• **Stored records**
============================================================

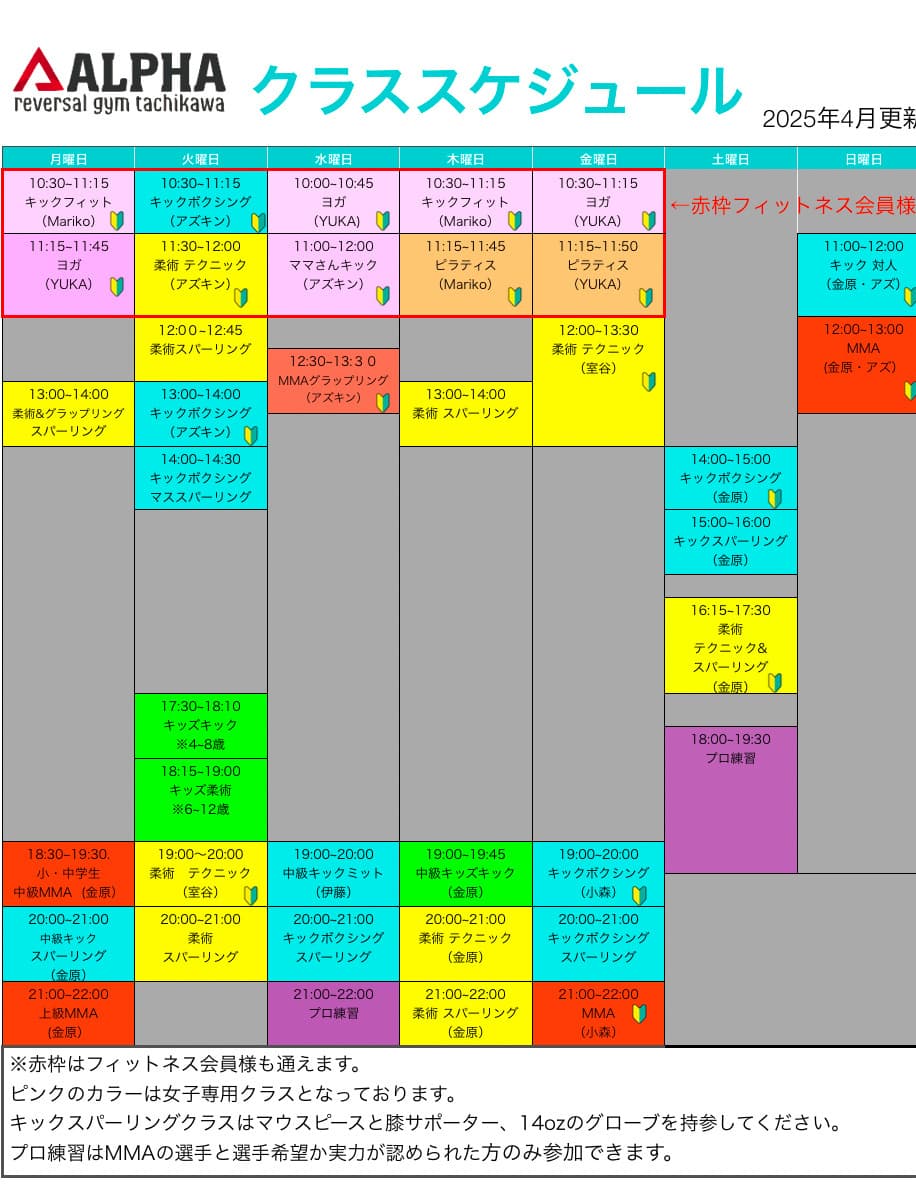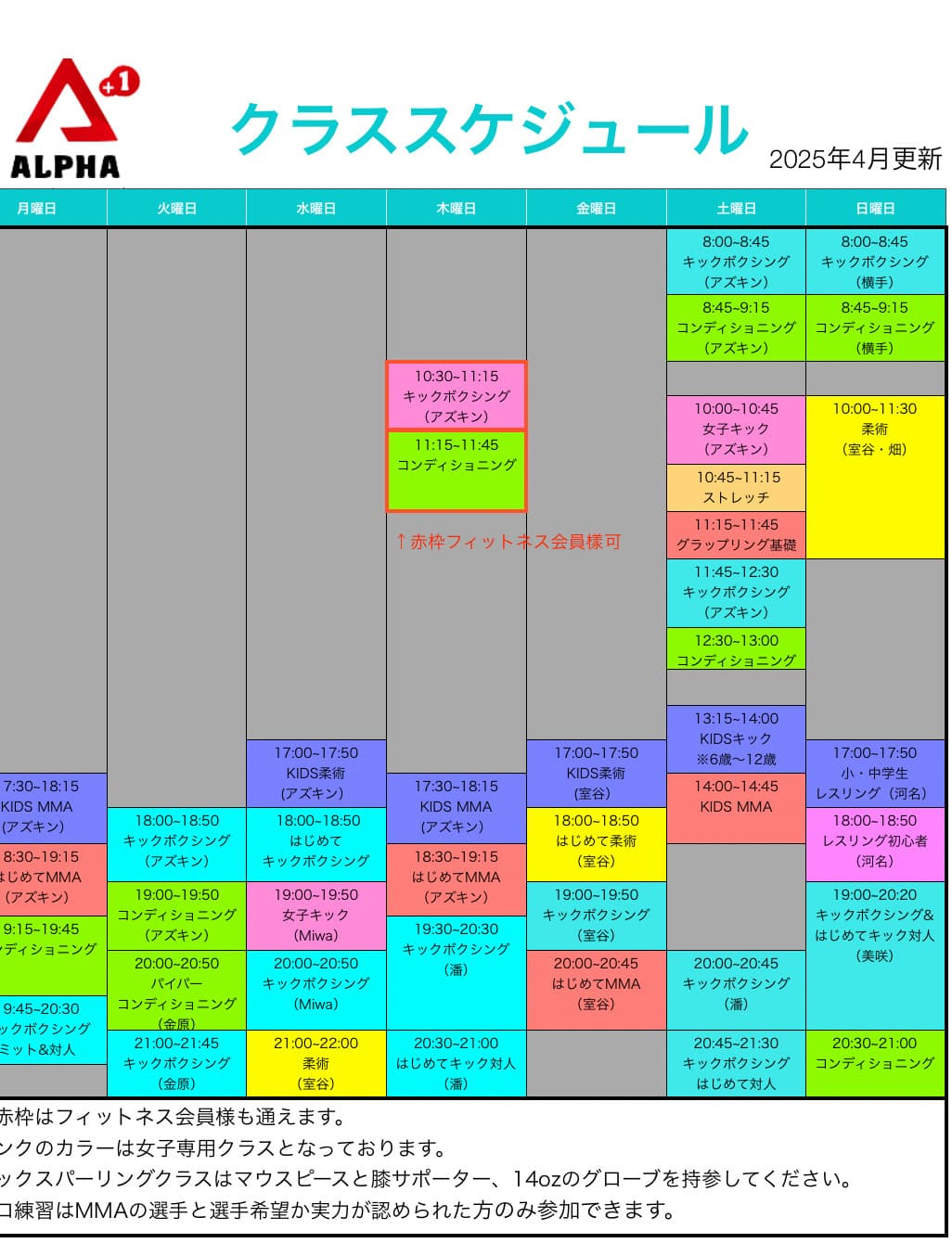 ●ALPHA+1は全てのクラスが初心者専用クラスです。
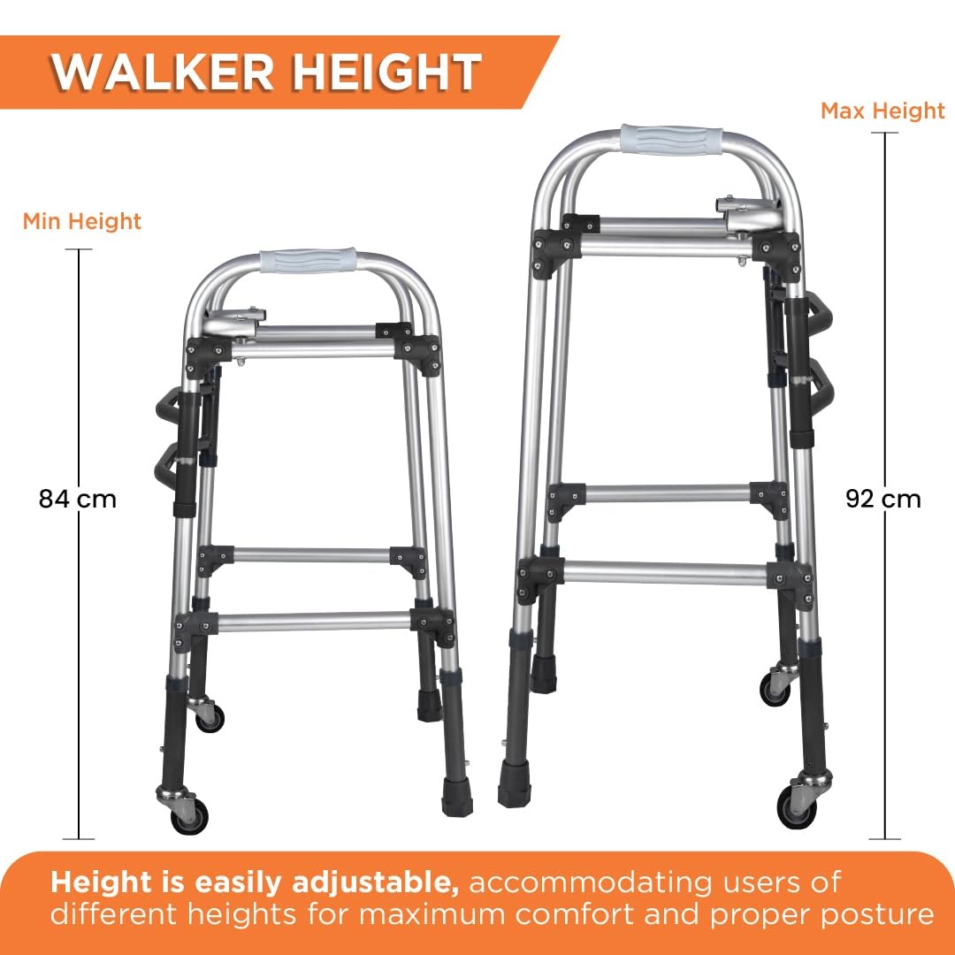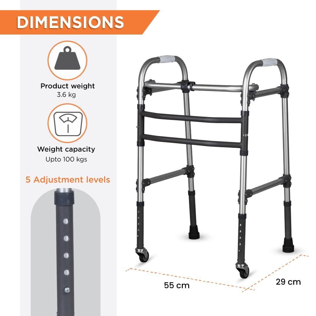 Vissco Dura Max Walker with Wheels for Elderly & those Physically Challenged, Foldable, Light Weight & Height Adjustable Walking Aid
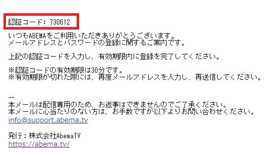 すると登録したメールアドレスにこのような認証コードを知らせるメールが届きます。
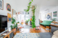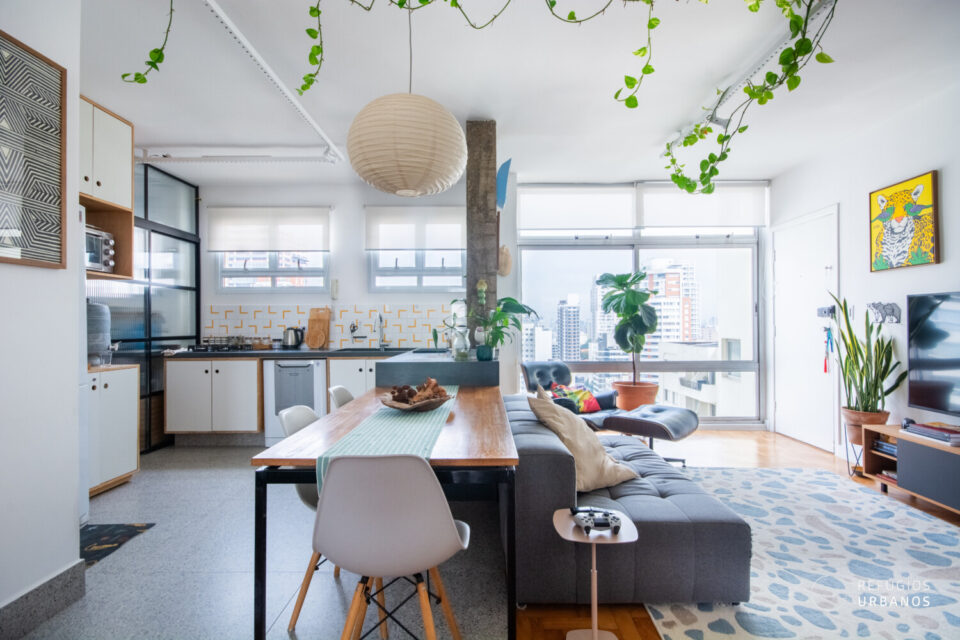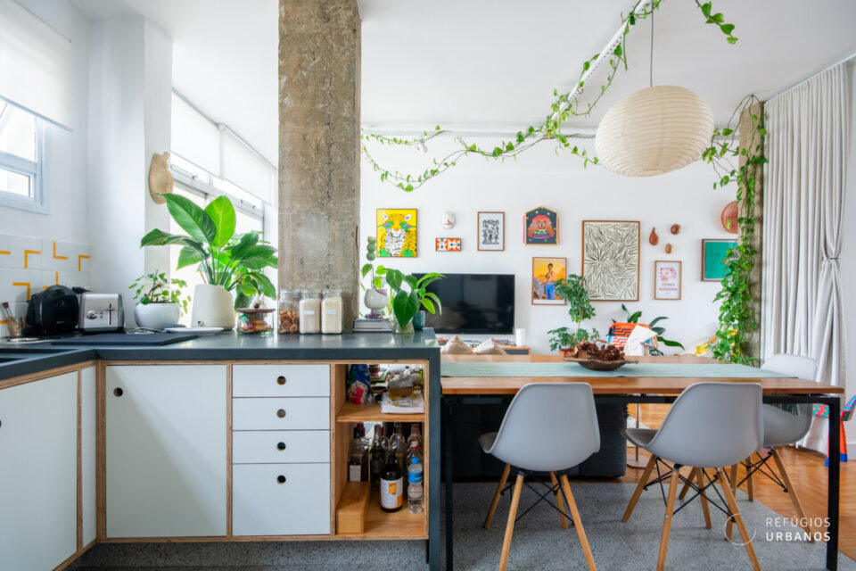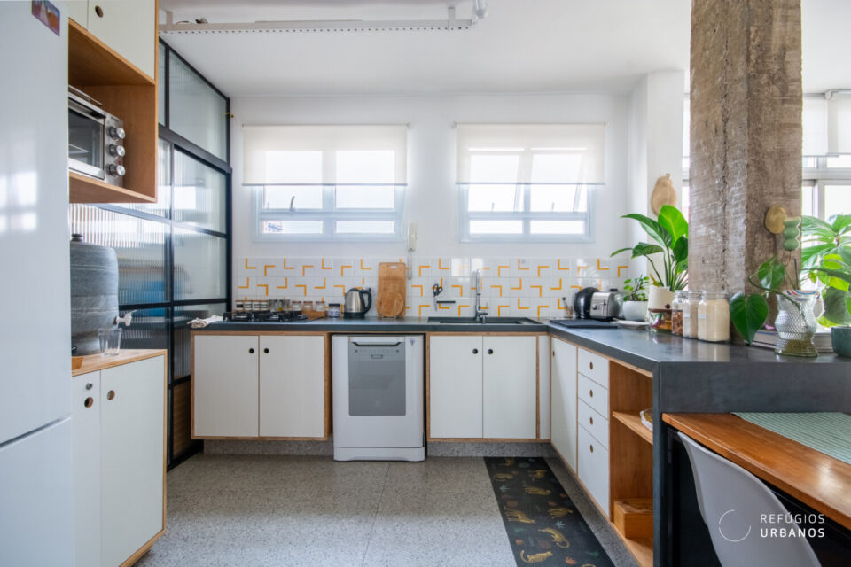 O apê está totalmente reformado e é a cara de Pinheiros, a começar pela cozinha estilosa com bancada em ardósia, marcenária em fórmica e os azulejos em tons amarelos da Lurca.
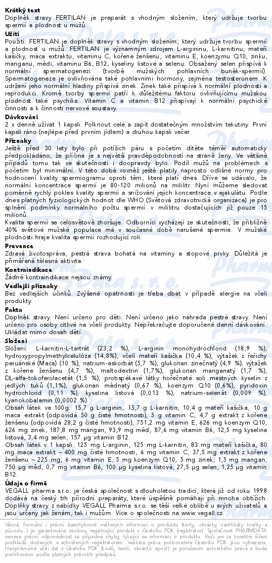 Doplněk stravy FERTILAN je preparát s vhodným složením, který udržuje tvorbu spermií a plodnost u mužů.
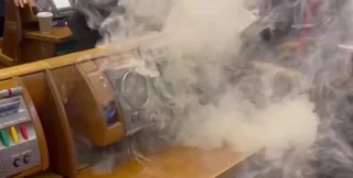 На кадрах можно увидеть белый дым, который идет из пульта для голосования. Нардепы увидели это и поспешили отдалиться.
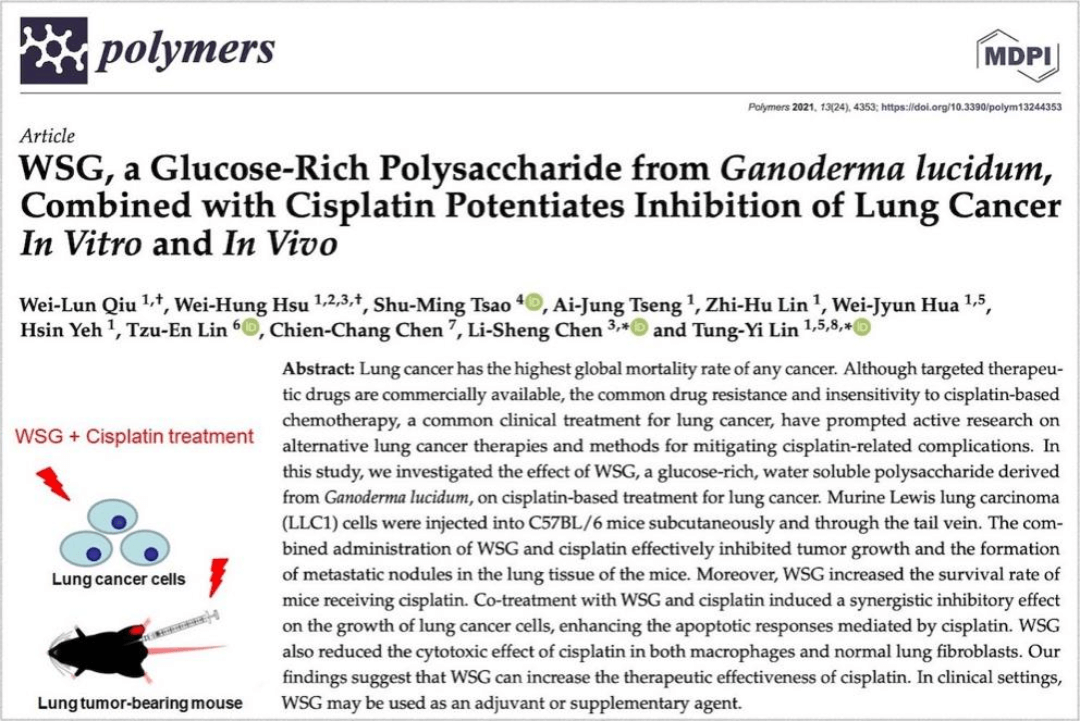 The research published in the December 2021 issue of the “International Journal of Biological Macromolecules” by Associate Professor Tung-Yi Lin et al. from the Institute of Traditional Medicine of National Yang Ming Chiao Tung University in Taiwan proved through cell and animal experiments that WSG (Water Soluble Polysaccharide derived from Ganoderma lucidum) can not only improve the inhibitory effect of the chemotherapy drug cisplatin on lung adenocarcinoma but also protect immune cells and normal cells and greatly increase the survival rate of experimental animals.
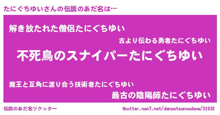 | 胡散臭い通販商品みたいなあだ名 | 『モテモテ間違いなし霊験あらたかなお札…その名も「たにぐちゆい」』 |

============================================================

• **Exercise instructions**
Print every entry exactly. Pictures are not part of the copy.

• **Solution for this task**
 ●ALPHA+1は全てのクラスが初心者専用クラスです。
 Vissco Dura Max Walker with Wheels for Elderly & those Physically Challenged, Foldable, Light Weight & Height Adjustable Walking Aid
 すると登録したメールアドレスにこのような認証コードを知らせるメールが届きます。
 O apê está totalmente reformado e é a cara de Pinheiros, a começar pela cozinha estilosa com bancada em ardósia, marcenária em fórmica e os azulejos em tons amarelos da Lurca.
 Doplněk stravy FERTILAN je preparát s vhodným složením, který udržuje tvorbu spermií a plodnost u mužů.
 На кадрах можно увидеть белый дым, который идет из пульта для голосования. Нардепы увидели это и поспешили отдалиться.
 The research published in the December 2021 issue of the “International Journal of Biological Macromolecules” by Associate Professor Tung-Yi Lin et al. from the Institute of Traditional Medicine of National Yang Ming Chiao Tung University in Taiwan proved through cell and animal experiments that WSG (Water Soluble Polysaccharide derived from Ganoderma lucidum) can not only improve the inhibitory effect of the chemotherapy drug cisplatin on lung adenocarcinoma but also protect immune cells and normal cells and greatly increase the survival rate of experimental animals.
 | 胡散臭い通販商品みたいなあだ名 | 『モテモテ間違いなし霊験あらたかなお札…その名も「たにぐちゆい」』 |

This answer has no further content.